[Opening SOURCE MATERIAL section]
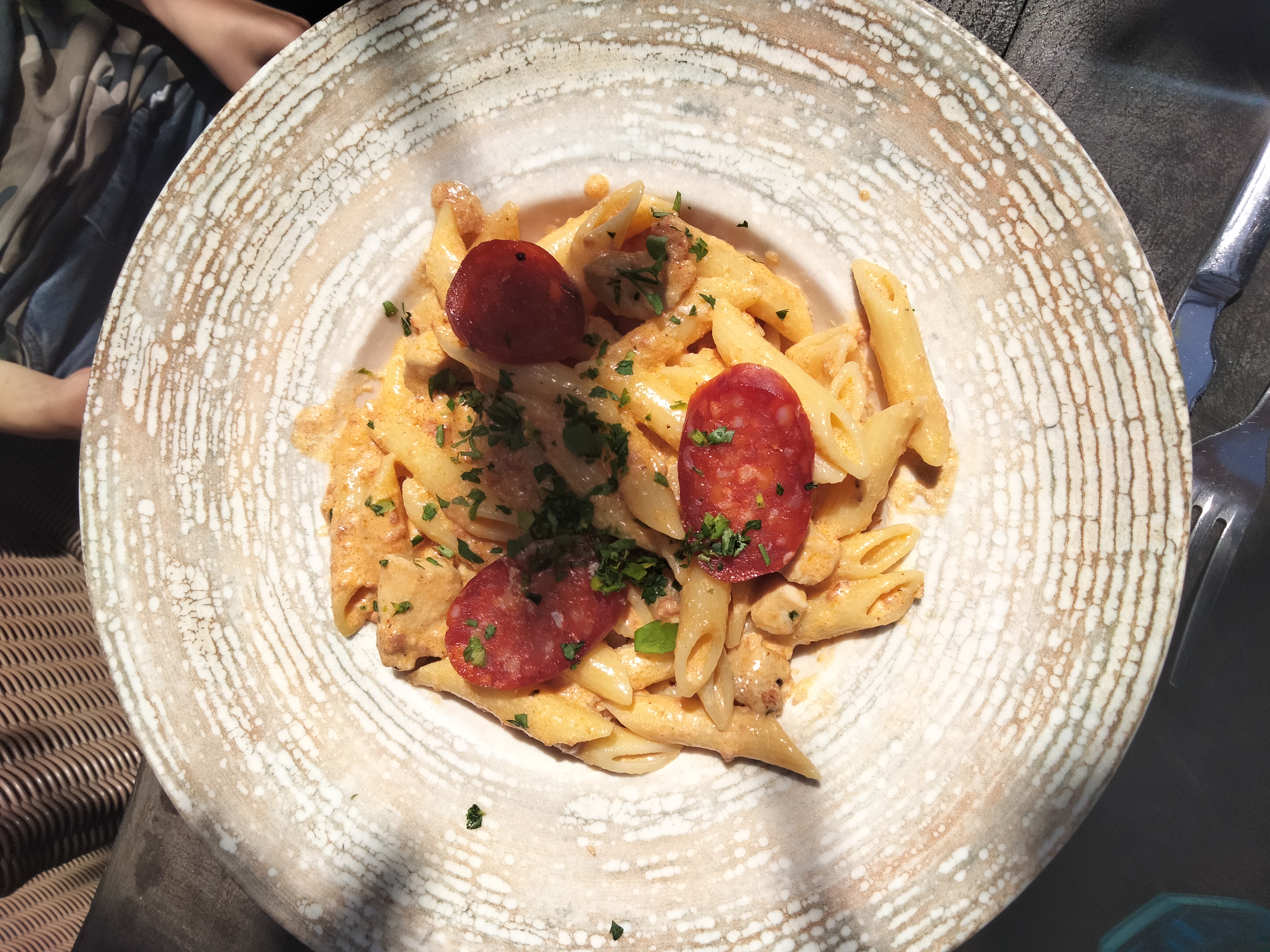 J'ai mangé des penne poulet chèvre chorizo trop trop bonne bien copieux franchement bon resto au bord de la plage avec vue sur la mer top top du top
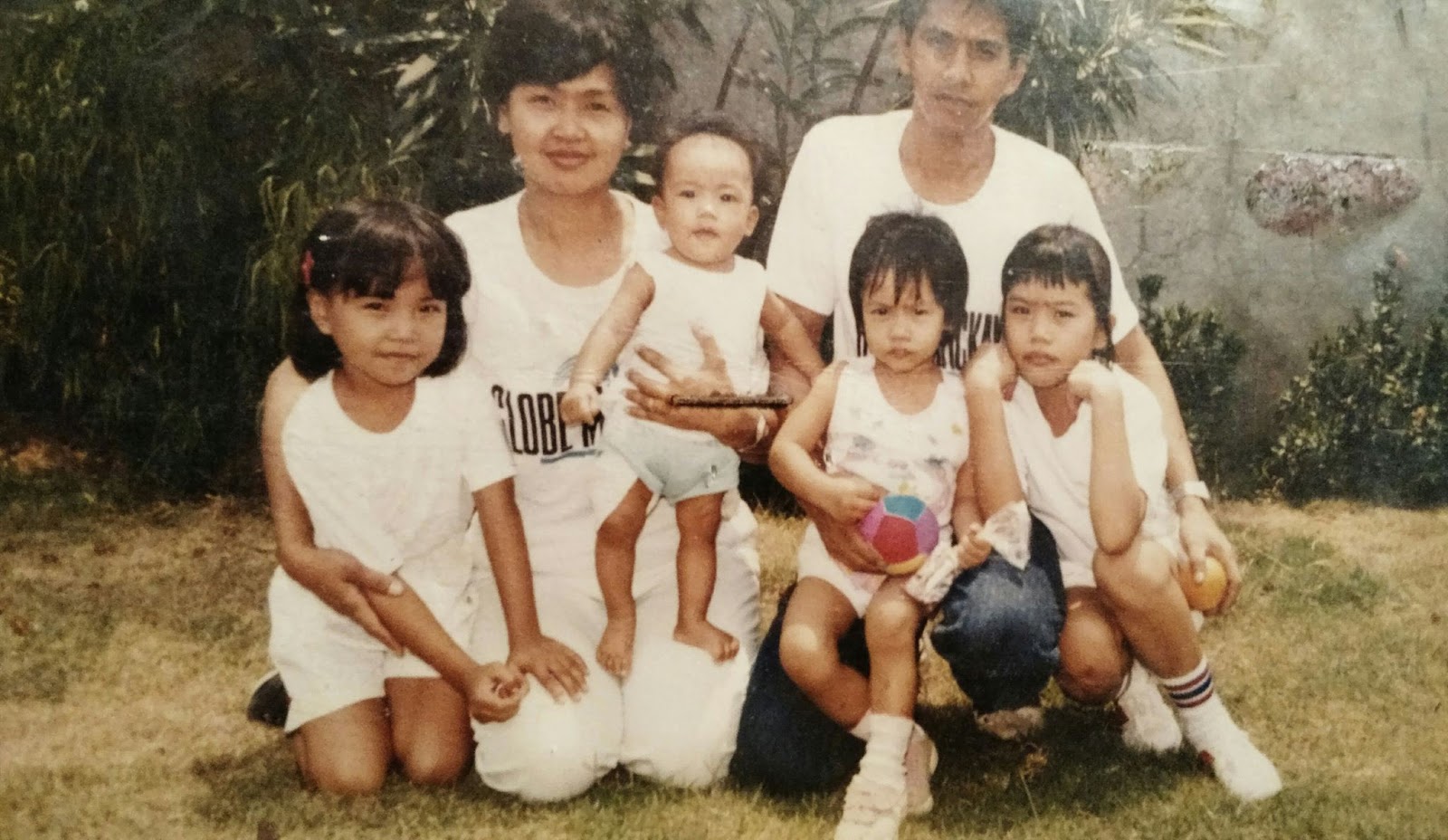 The family continued to grow as love grows a family. This was taken after a church activity. Two kids were added here. Mommy was holding our bunso (youngest) named Nyla Irmamina who was born on October 23, 1988 and then the fourth child Valerie Jovy sitting on Papa's lap was born on February 26, 1987. By the way, I was 7 years old in this picture while Ate Ivy was 9. Left to right: Me, Mommy, Nyla, Valerie, Papa and Ivory.
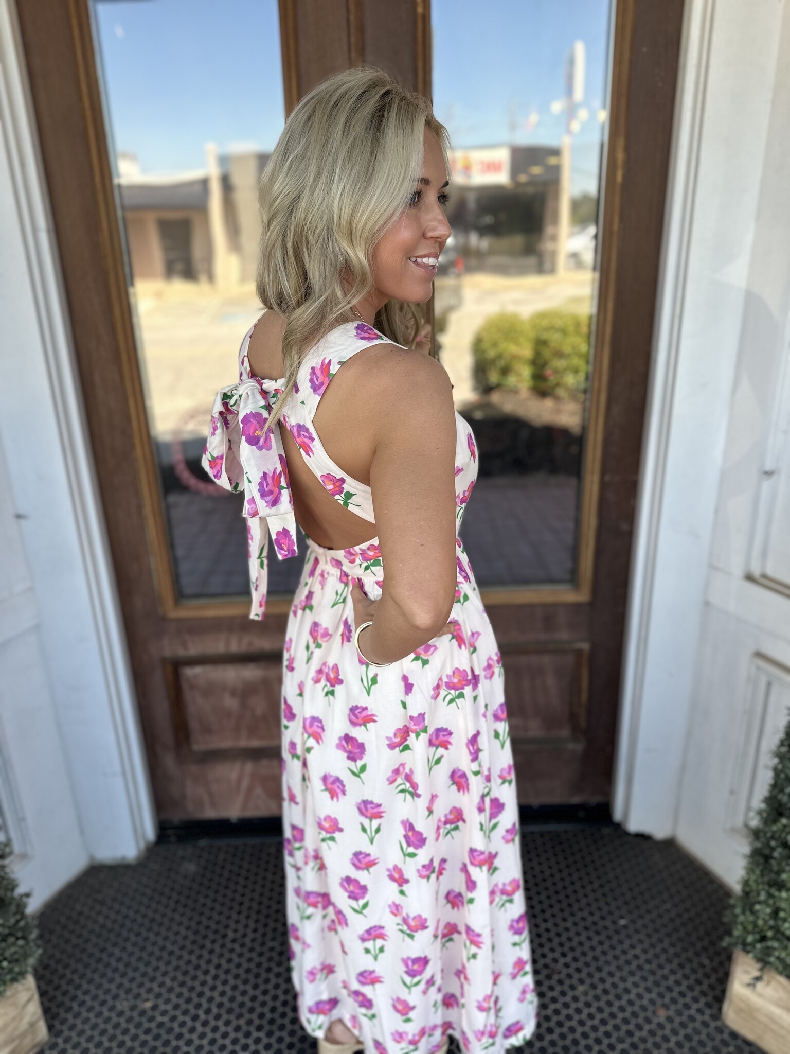Petal Whispers Bow Back Midi Dress
[Closing SOURCE MATERIAL section]
- PROBLEM TO SOLVE: Only an exact copy of the lines from the one with "The family continued" through the last line of the listing should be given; pictures must not be included.

- YOUR RESPONSE:
 The family continued to grow as love grows a family. This was taken after a church activity. Two kids were added here. Mommy was holding our bunso (youngest) named Nyla Irmamina who was born on October 23, 1988 and then the fourth child Valerie Jovy sitting on Papa's lap was born on February 26, 1987. By the way, I was 7 years old in this picture while Ate Ivy was 9. Left to right: Me, Mommy, Nyla, Valerie, Papa and Ivory.
Petal Whispers Bow Back Midi Dress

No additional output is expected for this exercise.